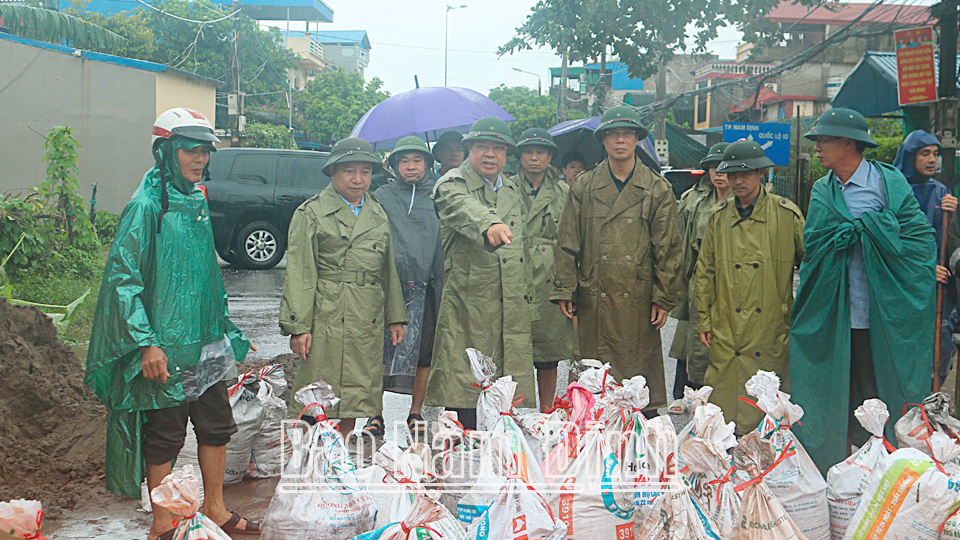 Tại huyện Nam Trực, đồng chí Bí thư Tỉnh ủy đến kiểm tra bối Đại An, xã Nghĩa An, nơi đang bị nước rò qua, gây nguy cơ sạt lở. Huyện Nam Trực đang khẩn trương huy động lực lượng, máy móc, cọc tre để gia cố, đồng thời có phương án di dời người dân vào nơi an toàn. Kiểm tra tại Xí nghiệp gạch Nam An, nơi nước đang tràn qua bối, đe dọa trực tiếp đến sự an toàn của khu vực sản xuất và các hộ dân lân cận, đồng chí Bí thư Tỉnh ủy nhấn mạnh, đây là khu vực trọng yếu nhất trong công tác phòng, chống thiên tai hiện tại của huyện Nam Trực; yêu cầu huyện khẩn trương gia cố khu vực, huy động lực lượng và phương tiện, đồng thời kêu gọi người dân nhanh chóng di dời đến nơi an toàn.
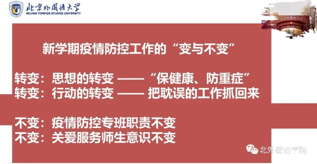 胡志钢副书记强调,新学期,各方面工作都不能松懈。要严格落实“乙类乙管”常态化防控工作,尤其要关注后疫情时代师生的心理健康问题,学生返校后,发挥研究生导师、班主任作用,注意把握学生思想状况。要注意“防风险”,发现苗头问题、倾向性问题及时纠正;要积极“谋发展”,以更高站位、更高格局,乘势而上强化科研,固底板、补短板,强化必赢76net线路官网在区域国别学科研究方面的重要作用,进一步加强德国及欧盟研究,发挥国家智库作用,为北外的发展增加新的动力。
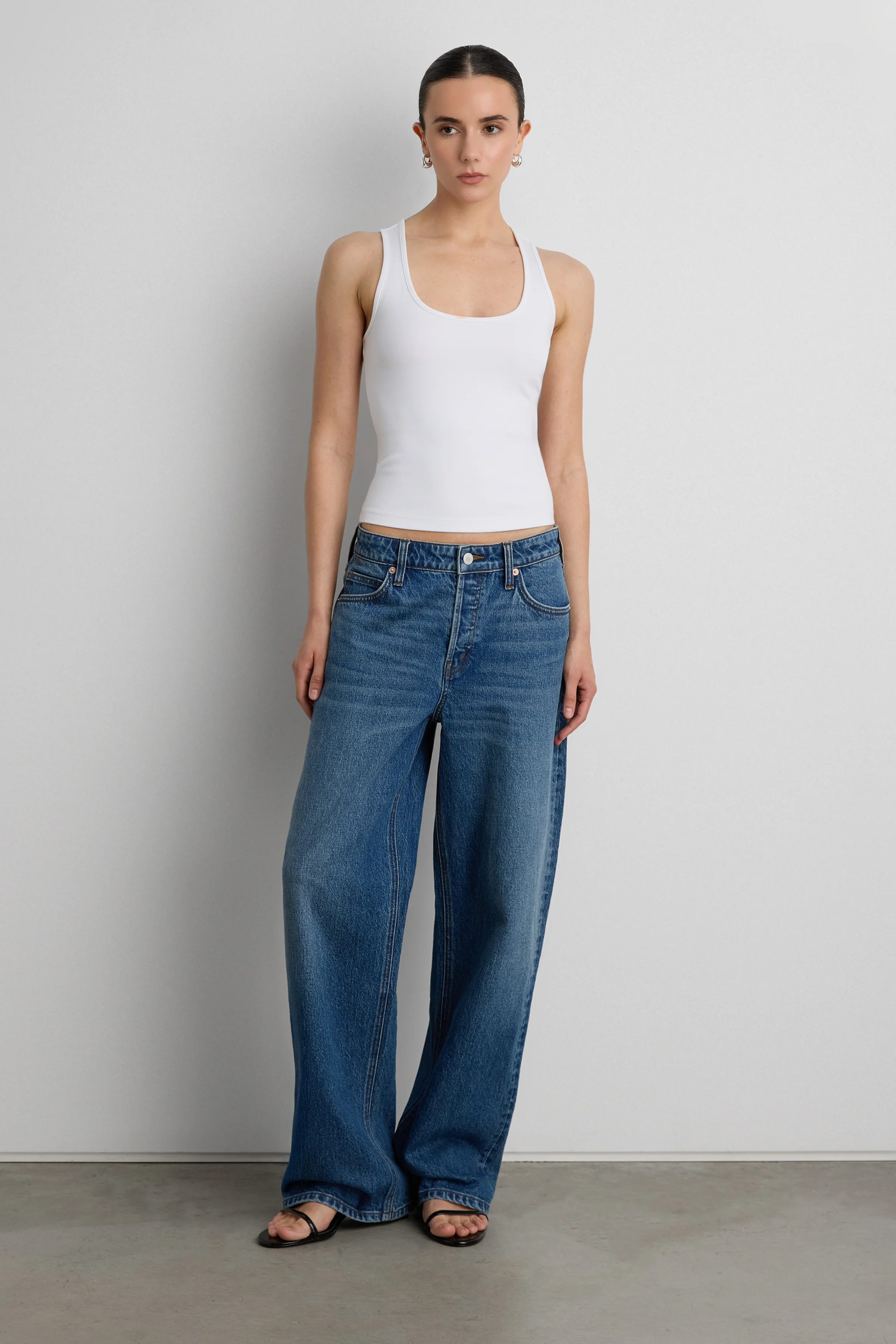 - Model 2 in Dark Medium Wash is 5'7" with a 24" waist and is wearing a size 26
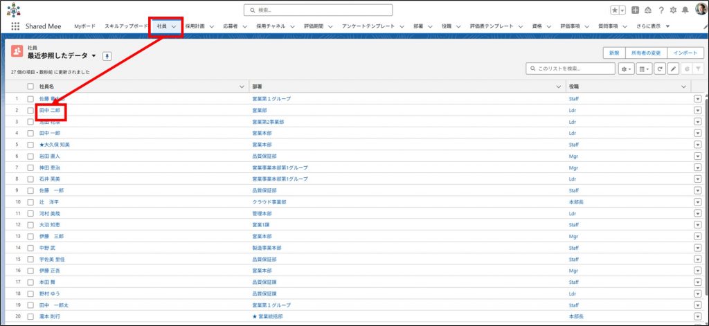 ①Shared Meeの社員タブから退職社員の社員名をクリックします。
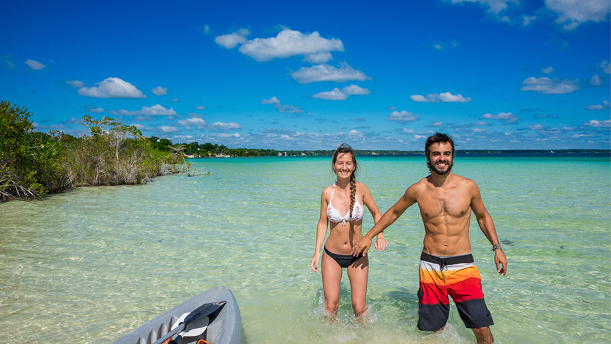 At the opposite end of Quintana Roo, to the south, the spectacular Bacalar Lagoon, also known as the “Lagoon of the 7 colors”, offers you a unique experience surrounded by nature. Close to 30 miles long and just over a mile at its widest part, this system of shallow lagoons, rivers, and cenotes changes color according to the characteristics of its different areas. A fascinating natural spectacle!
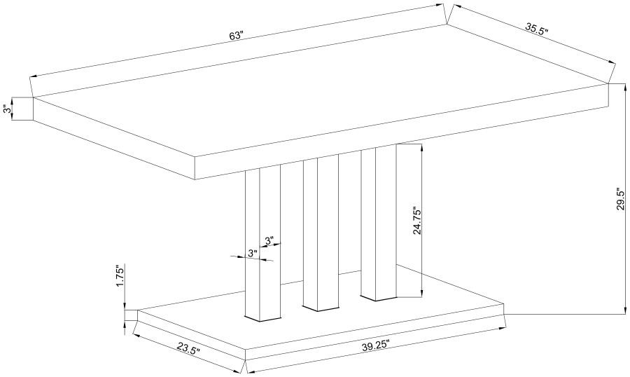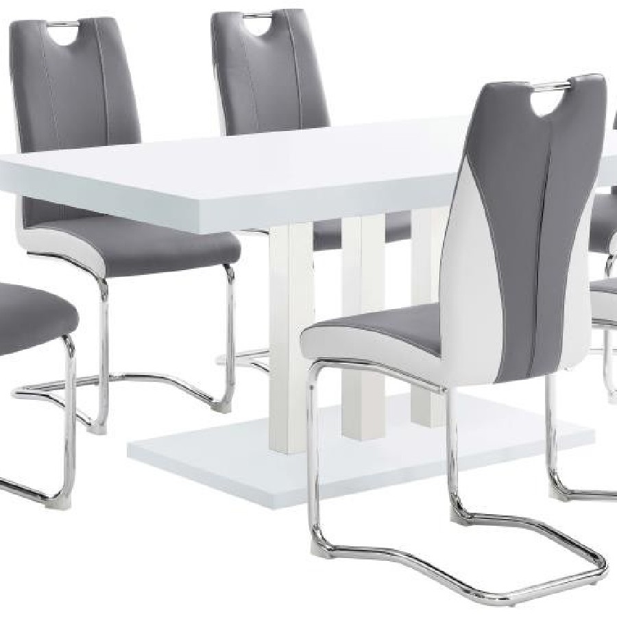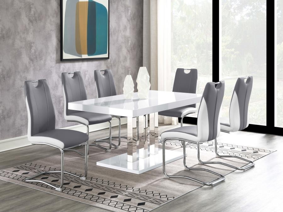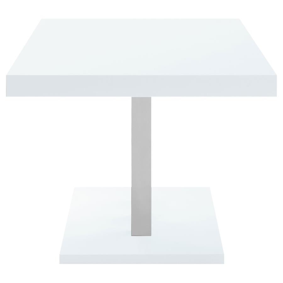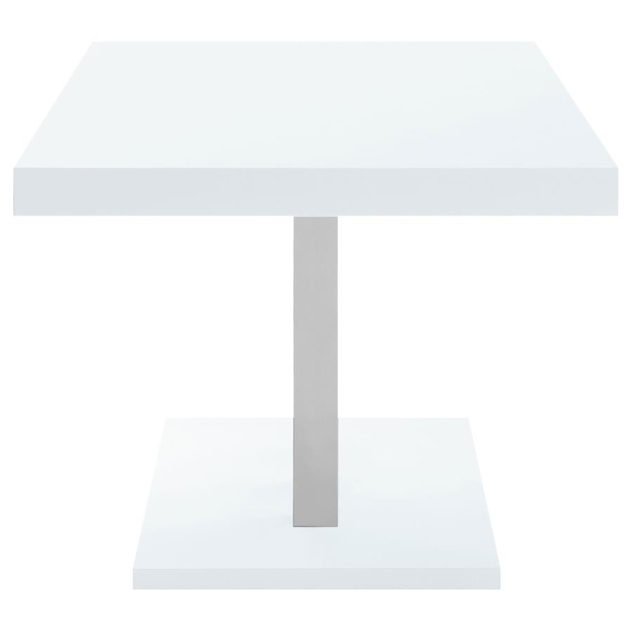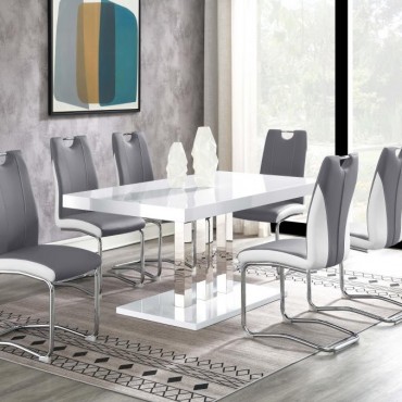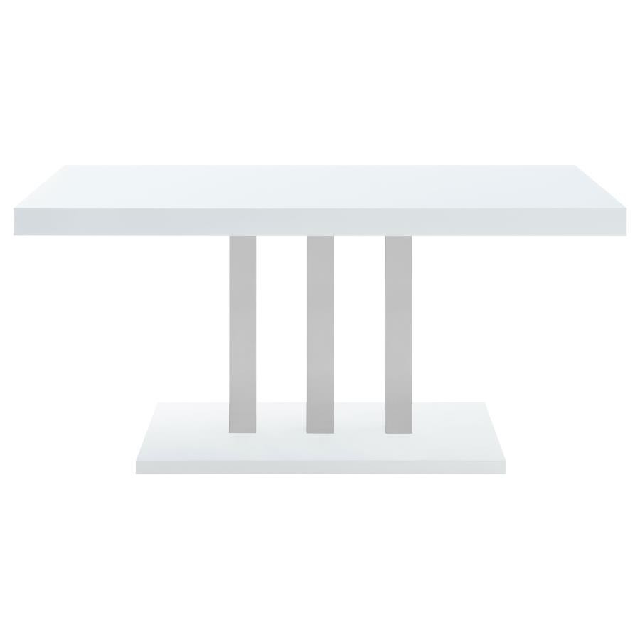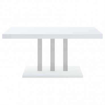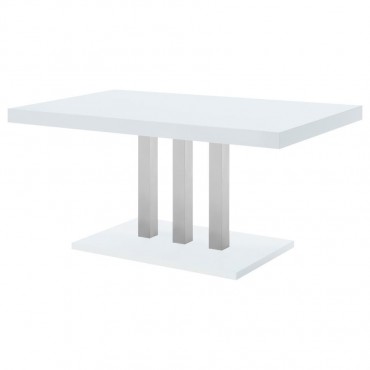 Sleek lines and smooth materials come together to create this ultra-modern dining table. Designed with a spacious rectangular top in a white high gloss finish that lends a polished, formal flair, this dining table offers up a chic style to formal entertaining spaces. Mirroring the top is a flush base, offering extra support and stability. With a pedestal-like design, the top and base come together with a trio of polished stainless steel supports in a lustrous and gleaming chrome finish. Place this dining table in a dining area for a jaw-dropping look.
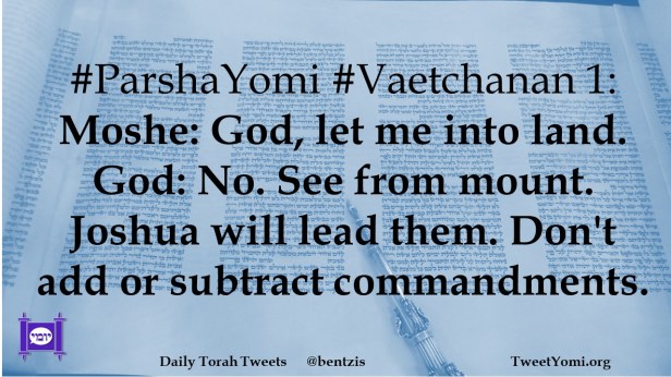#ParshaYomi #Vaetchanan 1: Moshe: God, let me into land. God: No. See from mount. Joshua will lead them. Don’t add or subtract commandments.
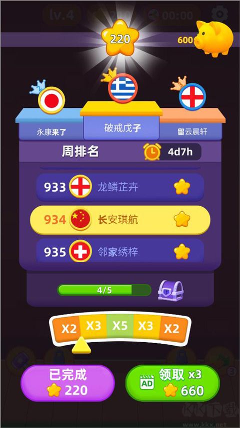 5、結(jié)束后,不僅可獲取星星與金幣,還能查看自身本周的排名情況。
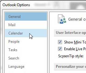 第 4 步:单击日历左侧的选项卡展望选项窗户。
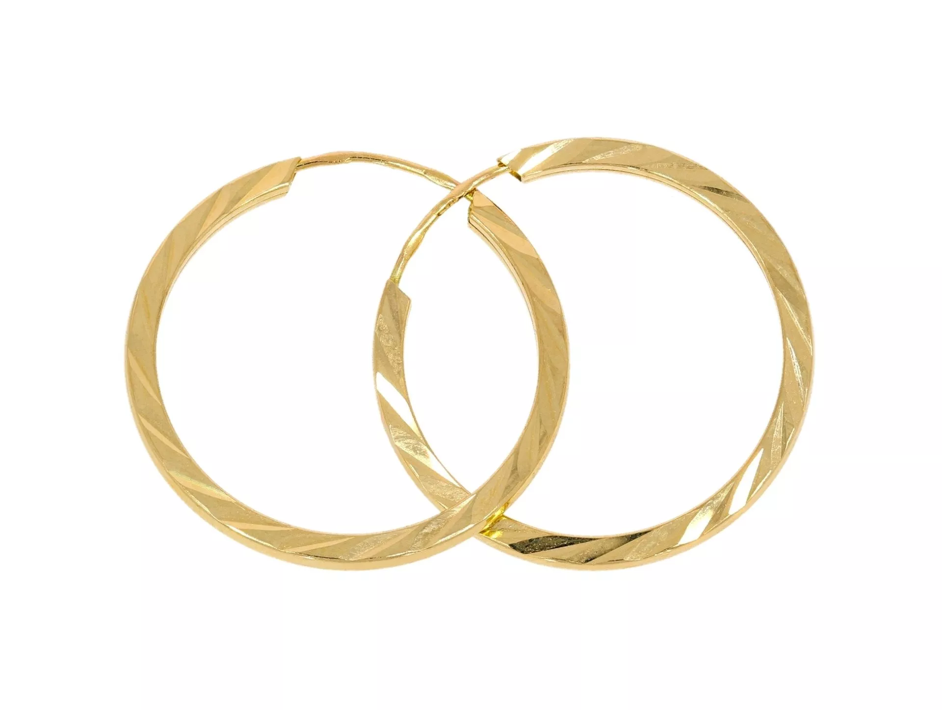 Pekné zlaté náušnice vyrobené zo žltého 14 karátového zlata s lesklou povrchovou úpravou. Šperk zdobí jemný gravírovaný vzor, ktorý dotvára celkový dizajn šperku.
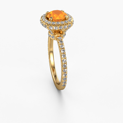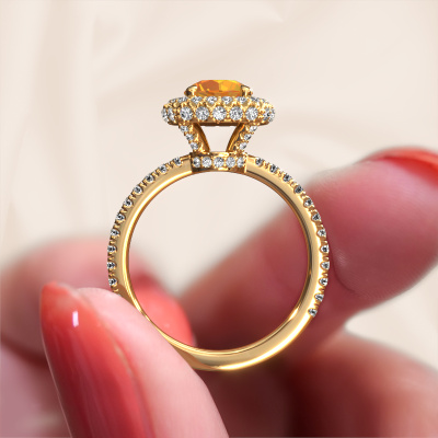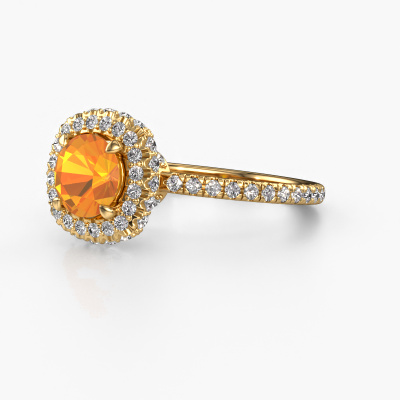 The ring shown above is called the Talitha RND. We call this type of ring a halo ring because it has one centre gemstone and a band that is also pave set with gemstones. The 14 Carat gold engagement ring is set with a round 6.5 mm citrin centre stone and the band is pave set with lab-grown diamonds. What makes this exclusive gold halo ring special are the smaller sized stones embracing the centre stone. This gorgeous engagement ring is called a halo ring because the smaller gemstones give the centre stone a halo of surrounding light. In order for the smaller stones to enhance the centre stone, they have to be placed so there is no interference of light. And that's when our expert goldsmiths come in. Each individual stone is carefully set in the ring by hand. During manufacturing, light fall is constantly monitored to make sure the special halo is still visible. In the end you get a unique engagement ring, with a citrin of your choosing at its centre. You can imagine the effect of a ring of such significance when you give it to her on her special day to shine. Are you on a budget? Please feel free to contact us, so we can go discuss your options. We offer our engagement rings at guaranteed best price, because we make them to order. You won't find such a price anywhere else!Our team adds new designs to our online collection daily. Our designers and goldsmiths work together in creating the best design. We strive to offer a diverse collection of jewels. Perhaps you have a specific jewel design in mind. One you came across somewhere. Please contact us for a free consultation. We will make you an offer, based on a fair price/ quality ratio, that will baffle you.To make it easier for you, we offer a 30 day return policy. Check our terms and conditions.
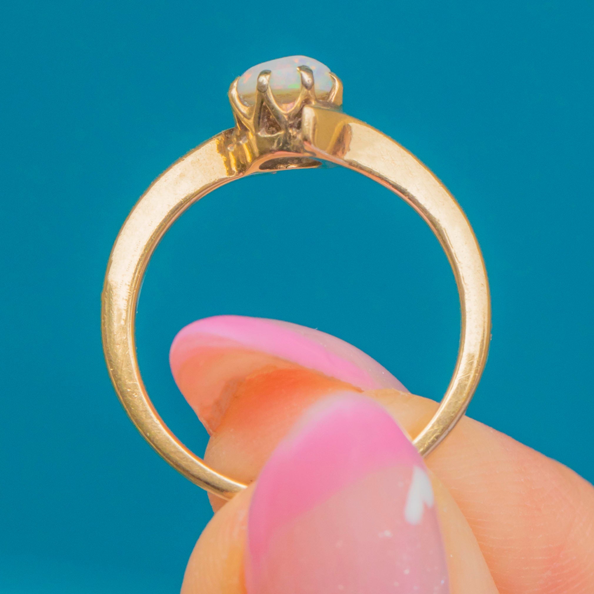 VERY GOOD: The Opal is securely set with lovely rainbow play-of-colour. Crisp 1970s hallmarks remain clear. Light wear consistent with age but no damage — ready to wear and enjoy for years to come.

★ ★ ★ ★ ★ ★ ★

*Prompt*: Although the records above contain pictures, the copy must not; set down exactly the lines from the one with "5、結(jié)束后,不僅可獲取星星與金幣,還能查看自身本周的排名情況。" up to and including the one with "Pekné zlaté náušnice".

*Task solution*:
 5、結(jié)束后,不僅可獲取星星與金幣,還能查看自身本周的排名情況。
 第 4 步:单击日历左侧的选项卡展望选项窗户。
 Pekné zlaté náušnice vyrobené zo žltého 14 karátového zlata s lesklou povrchovou úpravou. Šperk zdobí jemný gravírovaný vzor, ktorý dotvára celkový dizajn šperku.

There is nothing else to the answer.